*WHAT YOU NEED TO DO:* Of the material below, only the lines from the line containing "AK Venezia. Ponte" down to the line containing "芹工務店の施工例の中の以下の部分をクリックしてご覧下さい。" belong in the answer, written out exactly.
-- -- --
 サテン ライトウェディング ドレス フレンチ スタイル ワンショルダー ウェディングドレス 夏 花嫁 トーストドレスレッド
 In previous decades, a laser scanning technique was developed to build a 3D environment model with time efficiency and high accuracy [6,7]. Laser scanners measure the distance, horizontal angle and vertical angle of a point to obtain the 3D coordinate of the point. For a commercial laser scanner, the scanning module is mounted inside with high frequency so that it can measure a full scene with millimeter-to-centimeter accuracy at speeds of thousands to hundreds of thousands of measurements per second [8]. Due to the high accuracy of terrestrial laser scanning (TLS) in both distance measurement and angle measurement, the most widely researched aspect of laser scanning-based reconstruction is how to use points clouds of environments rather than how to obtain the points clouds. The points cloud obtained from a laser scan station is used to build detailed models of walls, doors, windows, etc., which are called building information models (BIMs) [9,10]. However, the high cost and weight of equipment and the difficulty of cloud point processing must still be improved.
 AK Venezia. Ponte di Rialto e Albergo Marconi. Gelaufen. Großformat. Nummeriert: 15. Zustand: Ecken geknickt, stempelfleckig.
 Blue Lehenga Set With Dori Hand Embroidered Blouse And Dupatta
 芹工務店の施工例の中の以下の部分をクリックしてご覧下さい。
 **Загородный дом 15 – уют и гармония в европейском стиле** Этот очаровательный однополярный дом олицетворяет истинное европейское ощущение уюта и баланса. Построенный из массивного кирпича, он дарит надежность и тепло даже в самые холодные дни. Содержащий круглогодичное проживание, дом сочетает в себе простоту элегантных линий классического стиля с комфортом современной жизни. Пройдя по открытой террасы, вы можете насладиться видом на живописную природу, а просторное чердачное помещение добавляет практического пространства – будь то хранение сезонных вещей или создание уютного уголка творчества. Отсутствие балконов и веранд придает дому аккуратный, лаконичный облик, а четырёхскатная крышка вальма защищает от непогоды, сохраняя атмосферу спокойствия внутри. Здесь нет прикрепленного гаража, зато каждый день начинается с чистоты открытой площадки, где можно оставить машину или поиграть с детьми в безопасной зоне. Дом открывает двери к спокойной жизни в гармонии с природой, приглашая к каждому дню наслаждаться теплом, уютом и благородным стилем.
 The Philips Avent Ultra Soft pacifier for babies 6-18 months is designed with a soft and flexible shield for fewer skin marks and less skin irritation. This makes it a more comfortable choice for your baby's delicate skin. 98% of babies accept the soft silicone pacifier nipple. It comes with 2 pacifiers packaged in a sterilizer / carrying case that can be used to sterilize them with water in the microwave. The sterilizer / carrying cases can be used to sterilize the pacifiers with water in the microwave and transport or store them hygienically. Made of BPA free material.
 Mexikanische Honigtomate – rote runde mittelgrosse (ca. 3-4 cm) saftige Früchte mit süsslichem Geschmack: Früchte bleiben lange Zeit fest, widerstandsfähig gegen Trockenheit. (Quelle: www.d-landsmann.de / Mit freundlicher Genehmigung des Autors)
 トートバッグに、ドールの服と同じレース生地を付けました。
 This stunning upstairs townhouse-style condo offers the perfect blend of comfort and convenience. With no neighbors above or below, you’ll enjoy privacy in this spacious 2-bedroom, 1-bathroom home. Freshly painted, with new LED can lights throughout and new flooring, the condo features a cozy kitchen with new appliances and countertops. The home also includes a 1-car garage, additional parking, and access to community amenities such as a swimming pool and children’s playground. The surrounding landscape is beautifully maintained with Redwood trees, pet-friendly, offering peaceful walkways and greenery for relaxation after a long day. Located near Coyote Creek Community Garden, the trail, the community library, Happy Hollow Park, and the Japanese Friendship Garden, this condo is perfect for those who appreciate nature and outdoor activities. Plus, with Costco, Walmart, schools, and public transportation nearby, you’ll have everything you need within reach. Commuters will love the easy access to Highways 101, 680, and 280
-- -- --
*FINISHED TASK:*
 AK Venezia. Ponte di Rialto e Albergo Marconi. Gelaufen. Großformat. Nummeriert: 15. Zustand: Ecken geknickt, stempelfleckig.
 Blue Lehenga Set With Dori Hand Embroidered Blouse And Dupatta
 芹工務店の施工例の中の以下の部分をクリックしてご覧下さい。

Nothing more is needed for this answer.